=== Section Start ===

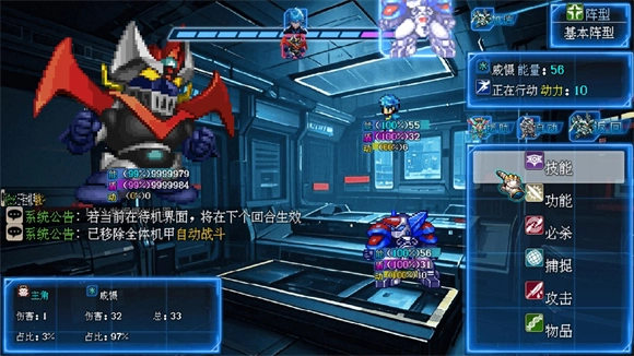 玩家可以自由挑选不同类型的机甲来组建阵型,并且能自由选用各种各样的阵型。
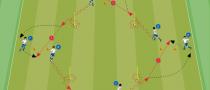 - Die Spieler innerhalb des Rechtecks müssen den Druck der gegnerischen Spieler ausnutzen, um sich zu befreien und Zeit und Raum zum Spielen zu finden und die Aussenspieler miteinbeziehen.
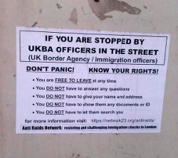 Successful disruptions of raids have taken place at locations such as a restaurants and shopping centres in one of the UKBA's favourite harassment spots, Elephant and Castle, among others. Activists manage to screw up the pigs plans by reminding them of their own guidelines: ID demands can't be made without a reason. To counter-act the cops' intimidation tactics, rowdy activists remind people that they are not obliged to give documents or speak to officers at all. Filming arrests and taking lapel numbers is another tactic for documenting the illegality of the raids.
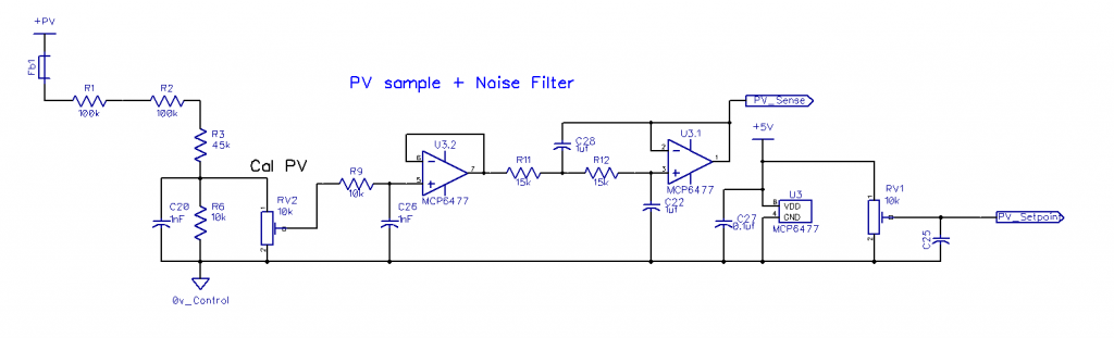 The PV input is full of switching noise, using a multi-stage active low pass filter to remove it, allows faster ADC measurements over using a single large RC combination.
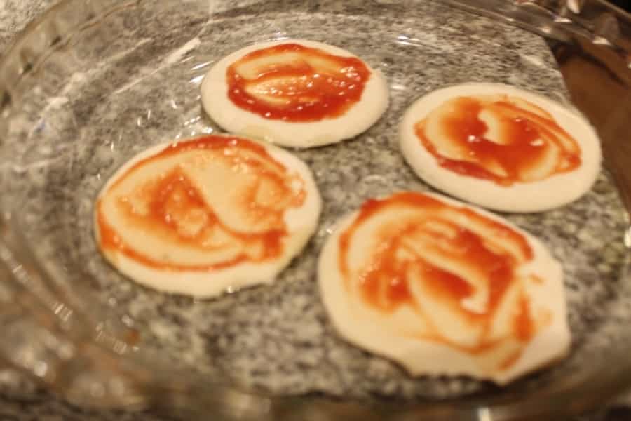 4. Poner la masa en una fuente y taparla con un paño. Dejarla levar en un lugar cálido por 30-45 minutos. 5. Cuando haya pasado el tiempo, enharinar una superficie y con uslero estirar la masa hasta que quede de un centímetro de grosor. Con una taza dada vuelta cortar círculos de masa. 6. Prender el horno y dejarlo calentando al máximo. Esparcir una cucharada de salsa en cada pizzeta y disponerlas en una fuente aceitada. Meterlas al horno por 5 minutos. En este tiempo la masa tiene que endurecerse un poco.
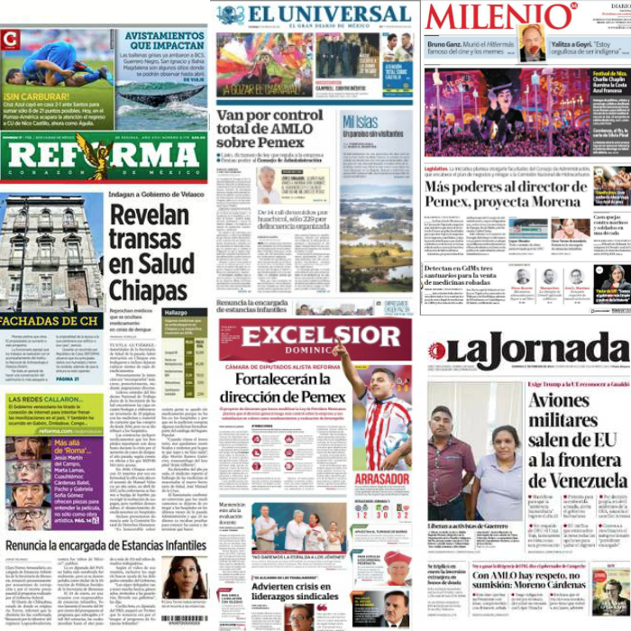 En Milenio: Más poderes al titular de Pemex, proyecta Morena. La iniciativa plantea darle facultades del Consejo de Administración, que encabece el plan de negocios y relegar a la Comisión Nacional de Hidrocarburos.
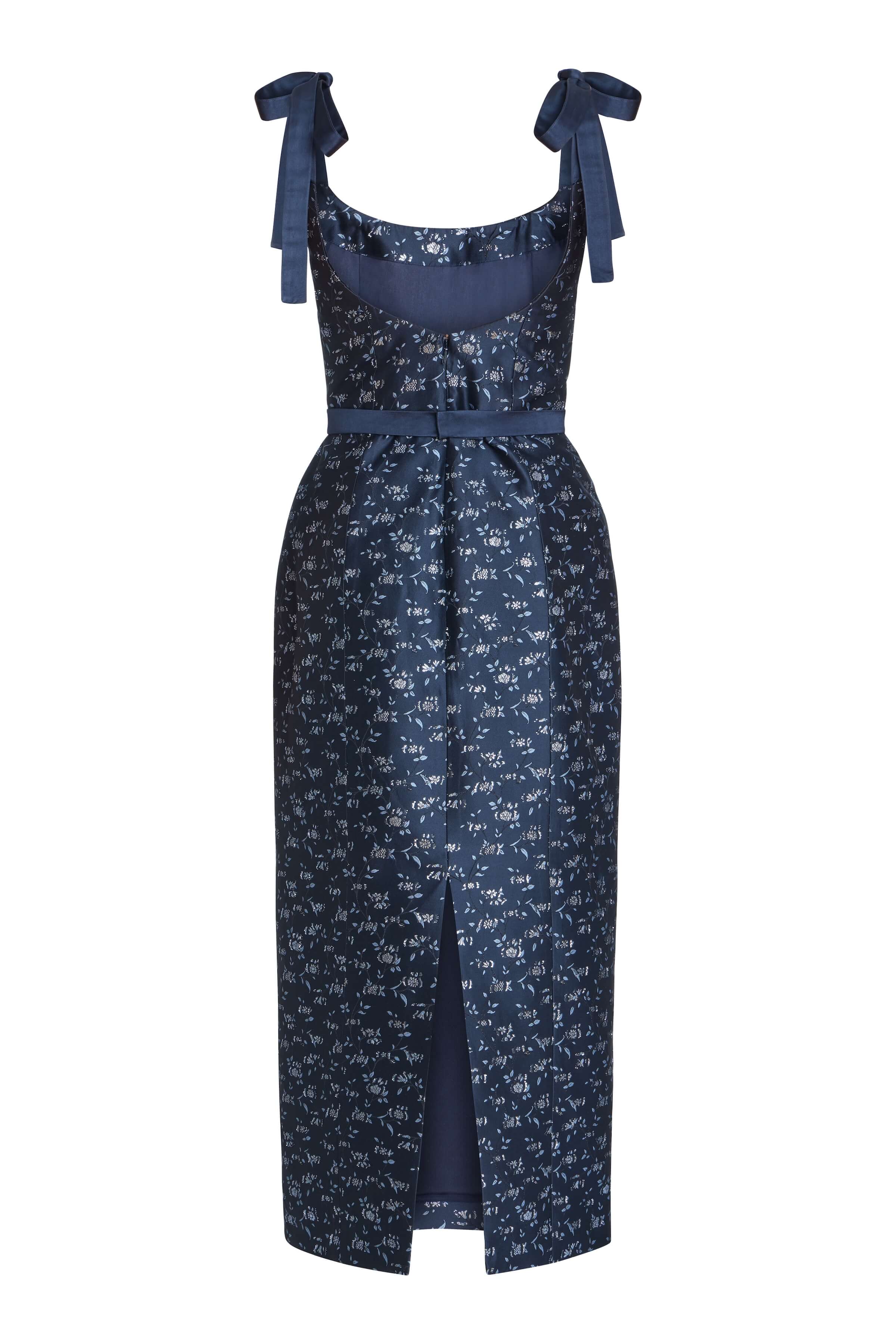 - Scoop neck corset bodice midi dress with contrast tie straps and detachable belt, fully lined with back slit
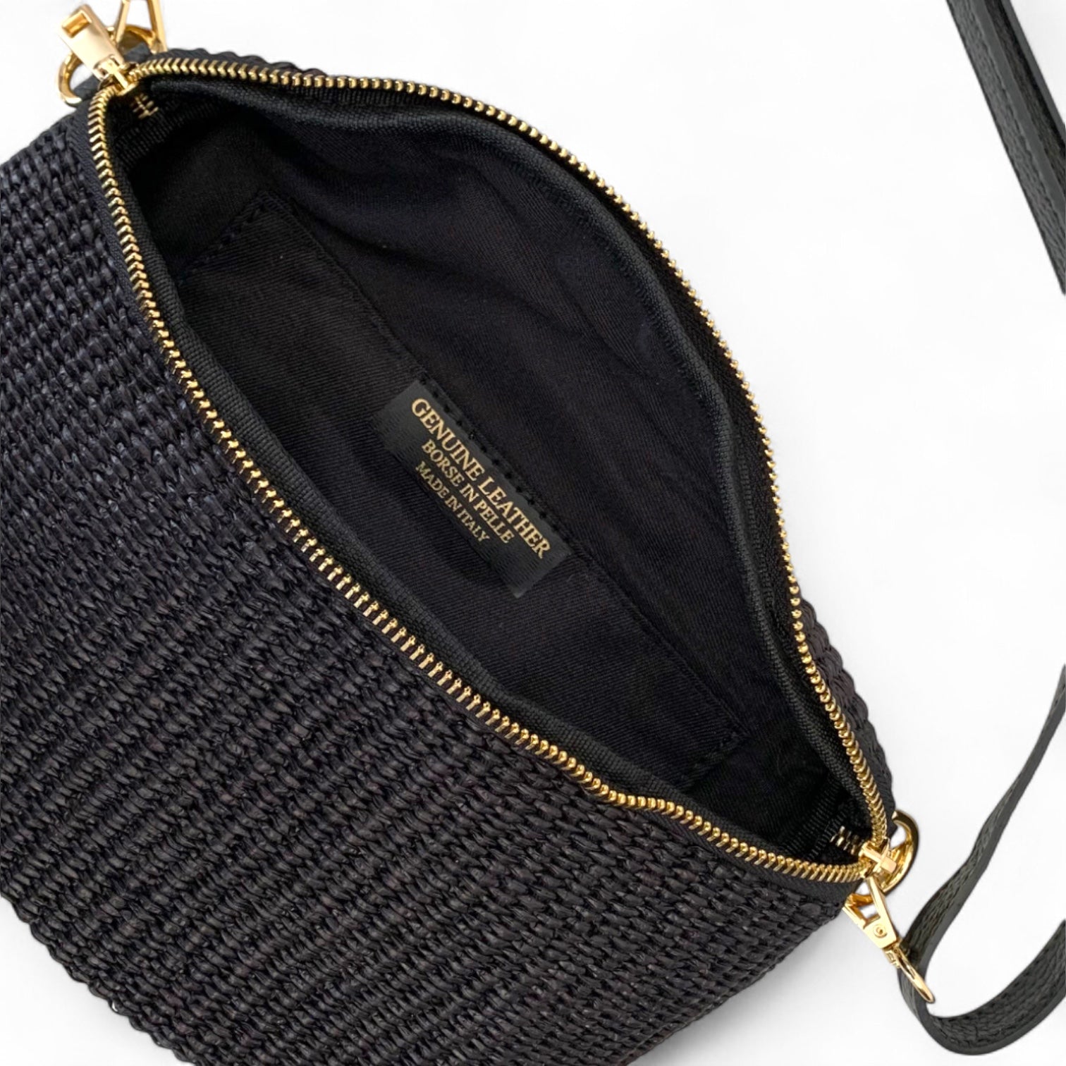 Get ready to make a statement this season with our must-have raffia bum bag! Available in a variety of vibrant colors and featuring a stylish leather strap, this bag is the perfect accessory for any beach vacation or summer outing. Don't miss out on this holiday essential!

=== Section End ===

WHAT TO PRODUCE
Verbatim output, no pictures: the line holding "- Scoop neck" and all lines after it through the last line of the material, with nothing else.

TASK ANSWER
 - Scoop neck corset bodice midi dress with contrast tie straps and detachable belt, fully lined with back slit
 Get ready to make a statement this season with our must-have raffia bum bag! Available in a variety of vibrant colors and featuring a stylish leather strap, this bag is the perfect accessory for any beach vacation or summer outing. Don't miss out on this holiday essential!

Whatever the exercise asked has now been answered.